Once you have decoded the instruction, you can actually simulate its execution. In this case, that would mean incrementing the eip by 5 (to 5), and putting the value 300 into your structure that tracks register eax. That's it! And then, you repeat.

So, how can you know how to interpret these instructions more generally? Fortunately, a good overview of x86 instruction encoding can be found here , and a list of instructions by opcode and name can be found online.

Be wary: The above resources often represent instruction operands in destination,source order and not the source,destination order we've been seeing all year.

A second question is: which instructions does the simulator have to be able to understand? Fortunately, not all of them(!), as the x86 instruction set is huge. For this project, we only require you understand the following instructions: only basic math ops (add, sub, imul, idiv), some forms of mov, cmp, the jump family (j/jg/jl/jne/je/jge/jle), and call/ret. Of course, even those represent a large amount of work, so you can restrict yourself in the following ways:

  • You only need to handle math ops on 32-bit registers as source and destination, or immediate-value as source and register as destination (no need to interpret memory addresses for math ops).
  • You only need to handle comparisons with 32-bit registers with other 32-bit registers or perhaps an immediate field, but also not with memory.
  • In general, only worry about the 32-bit register versions of these instructions.
  • Condition codes only should be set by the cmpl instruction; no other instruction should set these values (this is simpler than x86, in which math instructions also set condition codes).

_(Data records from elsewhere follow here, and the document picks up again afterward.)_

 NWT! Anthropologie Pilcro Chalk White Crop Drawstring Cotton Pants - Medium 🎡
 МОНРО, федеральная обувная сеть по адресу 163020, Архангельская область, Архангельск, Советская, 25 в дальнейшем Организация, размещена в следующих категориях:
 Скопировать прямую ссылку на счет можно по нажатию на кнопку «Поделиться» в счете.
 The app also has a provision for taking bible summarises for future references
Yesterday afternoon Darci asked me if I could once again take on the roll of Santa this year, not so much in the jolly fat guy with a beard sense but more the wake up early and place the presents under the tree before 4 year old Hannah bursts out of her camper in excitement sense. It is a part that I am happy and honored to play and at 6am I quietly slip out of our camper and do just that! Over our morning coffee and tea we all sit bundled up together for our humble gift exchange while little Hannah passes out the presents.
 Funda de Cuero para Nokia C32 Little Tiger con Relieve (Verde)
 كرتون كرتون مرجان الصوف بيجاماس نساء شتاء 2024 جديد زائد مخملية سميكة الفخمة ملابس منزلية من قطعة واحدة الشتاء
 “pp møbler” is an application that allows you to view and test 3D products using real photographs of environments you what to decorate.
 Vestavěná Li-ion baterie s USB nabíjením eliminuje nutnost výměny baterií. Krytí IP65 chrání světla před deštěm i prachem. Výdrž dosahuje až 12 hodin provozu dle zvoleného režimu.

We'll provide more detail on which instructions you need to interpret soon, via test cases, hopefully soon.

Command Line Inputs and Output Format

Your simulator is generally run as follows:

prompt> xsim objectfile
There are some optional flags, shown below.

Your simulator will generally produce just a single output: the state of the machine at the end of the execution (when the nop instruction is encountered). The format of this output will be very specific. First, you will print out the register values as follows:

eip: value_in_hex
eax: value_in_hex
ebx: value_in_hex
ecx: value_in_hex
edx: value_in_hex
esi: value_in_hex
edi: value_in_hex
esp: value_in_hex
ebp: value_in_hex
Then, you will print out the condition codes, either a 1 or 0 for each of zero, sign, and overflow.
condition_codes: Z:value S:value O:value
Then, for each NON-ZERO byte in memory, print it out with the address followed by the value as follows:
address_1: value_in_hex
address_2: value_in_hex

Your simulator will also take some flags. Specifically, they are:

-i initial value of instruction pointer
-s initial value of stack pointer
-B initial value of base pointer
-a initial value of eax
-b initial value of ebx
-c initial value of ecx
-d initial value of edx
-S initial value of esi
-D initial value of edi
You may wish to use getopt to facilitate parsing of flags; look it up online to learn more.

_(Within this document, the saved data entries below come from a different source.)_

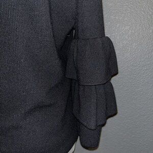 J. McLaughlin Black Italian Merino Wool Ruffle Sleeve Sweater Size S EUC
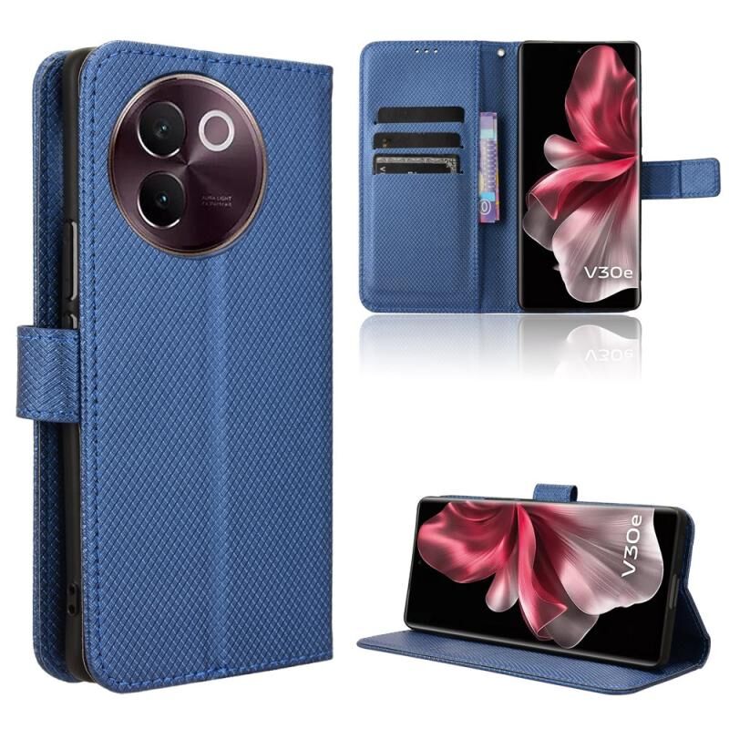 Θήκη τηλεφώνου από δέρμα με υφή διαμαντιού για vivo V30e 5G / V40 Lite 5G (Μπλε)
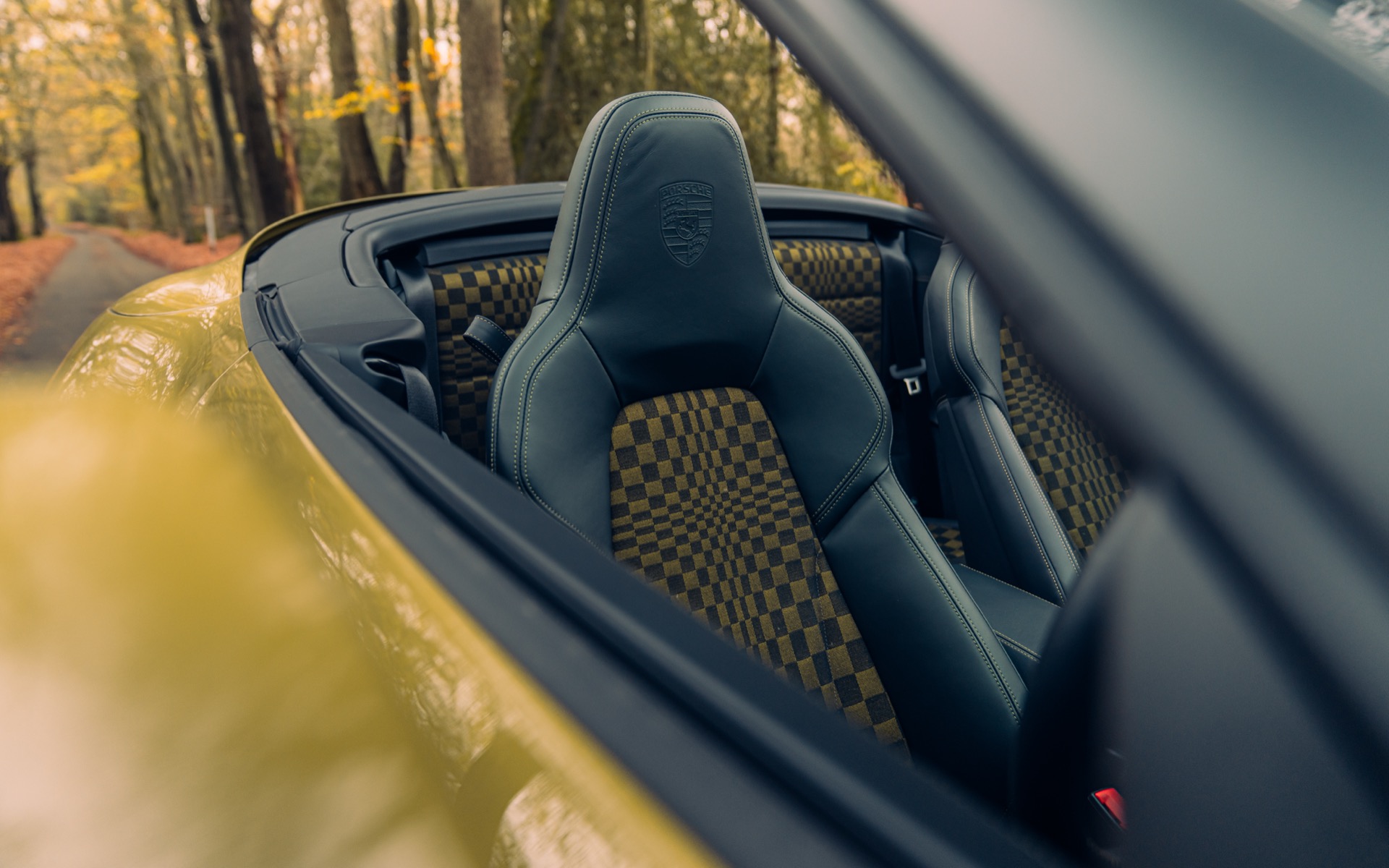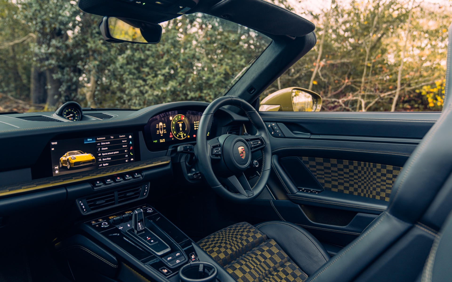 Inside, the theme becomes more obvious. Seat centers and door cards use period-inspired fabrics, matched with coordinated leather throughout the cabin. Heritage crests appear in embossed form, while plaques and detailing reinforce the narrative without disrupting daily usability. The switchgear and dials remain familiar, which helps keep the experience grounded. You still sit low and centered, exactly as a 911 should feel. Importantly, Porsche notes that fit and finish meet standard production levels, since these cars are built within normal factory processes rather than treated as bespoke one-offs.
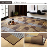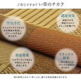織り方によって違う複数の肌感触をお楽しみ頂けます。落ち着いた色目でモダンな雰囲気に仕上げました。国産(九州産)のい草を使用しています。一本一本が太く、表皮が厚く繊維がキメ細かいので弾力性があり、耐久性に優れています。い草には空気の自然浄化作用、湿度の調節作用などがあります。また汚れにくく、使用するうちに黄金色に変化し味が出ます。い草にヒバエッセンス加工を施しています。(抗菌防臭効果)
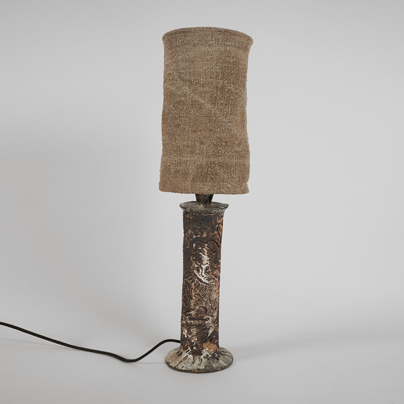 Lampe de table en grès émaillé à haute température et son abat-jour en toile de lin ancien. Dans son atelier du Jura, Pierre Casenove crée des pièces uniques, brutes et fascinantes, qui révèlent la beauté de l’imperfection, de la simplicité et de la nature.
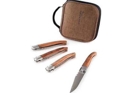 Dieses praktische Messer-Set überzeugt durch sein klassiches Design und seine hohe Qualität. Umfunktionierte Holzlaminatgriffe Scharfe Klinge gleitet mühelos Faltbare Edelstahlkonstruktion sorgt für Qualität, Haltbarkeit und Packbarkeit Technische Daten: Materialien: Edelstahl/Holz Gewicht: 67 g Abmessungen: 108 x 15,5 x 18 mm Lieferumfang: 4 klappbare Steakmesser Tragetasche mit Reißverschluss
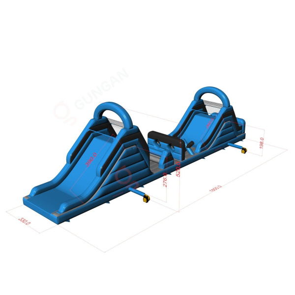 I percorsi a ostacoli gonfiabili possono essere collegati l'uno all'altro con il velcro, in modo da offrire a voi stessi e agli altri tante emozioni durante una lunga festa. Le attrazioni di questo tipo presenti nel nostro assortimento comprendono anche scivoli e ostacoli aggiuntivi, come pareti da arrampicata. Inoltre, i percorsi a ostacoli gonfiabili possono essere ampliati con traverse e paletti gonfiabili che "spuntano" dal soffitto e dal pavimento per rendere il passaggio più difficile e rallentare i giocatori. L'attrazione può fungere da piazza per una sana e interessante competizione. Questo tipo di gioco porta molto divertimento ed energia positiva.
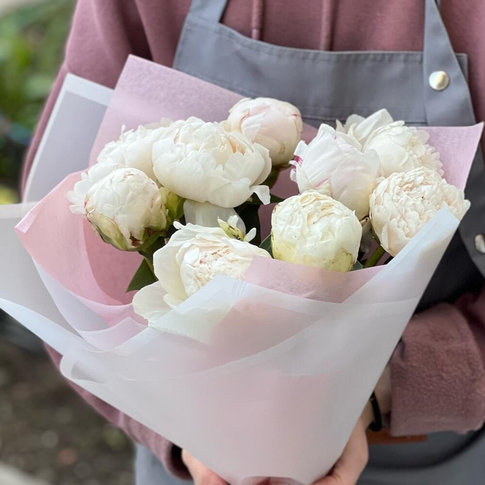 пион белый премиум – 9 шт.Упаковка дизайнерская – 1 шт.
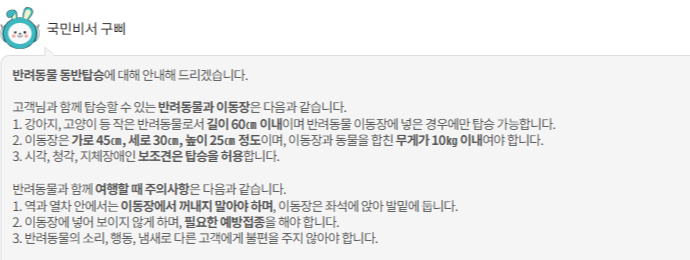 - 안타깝게도 반려동물은 여객운송약관에 의거 좌석을 지정하여 열차를 이용하는 것이 불가능
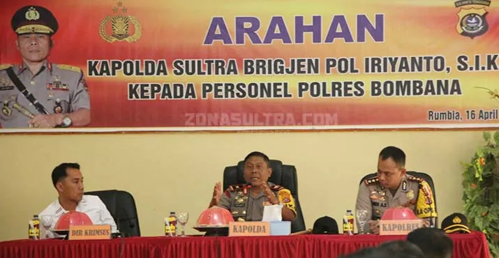 ZONASULTRA.COM, RUMBIA – Kepala Kepolisian Daerah (Kapolda) Sulawesi Tenggara (Sultra) Brigjen Pol Iriyanto melakukan kunjungan kerja (Kunker) di Mako Polres Bombana, Senin (16/4/2018).

Finally, your simulator should take one more flag, the verbose flag, which prints output after each step of the simulation. Thus, you might run the simulator like this:

prompt> xsim -v -i 5 mov.o
This would set eip to 5 and start executing from that point, dumping the full output after each instruction is run.


Your implementation will be graded via a number of tests that we will provide shortly. Grading will be on functionality.


We will also be holding a contest not for points but for an exclusive 354 T-shirt. The fastest emulator (as run on a very large binary object) will be deemed the winner. More details on this soon as well.

Handing in your Code

Hand in your source code and a README file. The usual place: ~cs354-3/handin/NAME/hw5/, where NAME is your login name.

You should copy all of your source files (*.c and *.h) and a Makefile which builds xsim to your hw5/ handin directory. Do not submit any .o files.

If you have a partner, put the code in ONE of your directories, and a file called PARTNER.txt in BOTH handin directories (one per partner). In that file should be the login of both partners.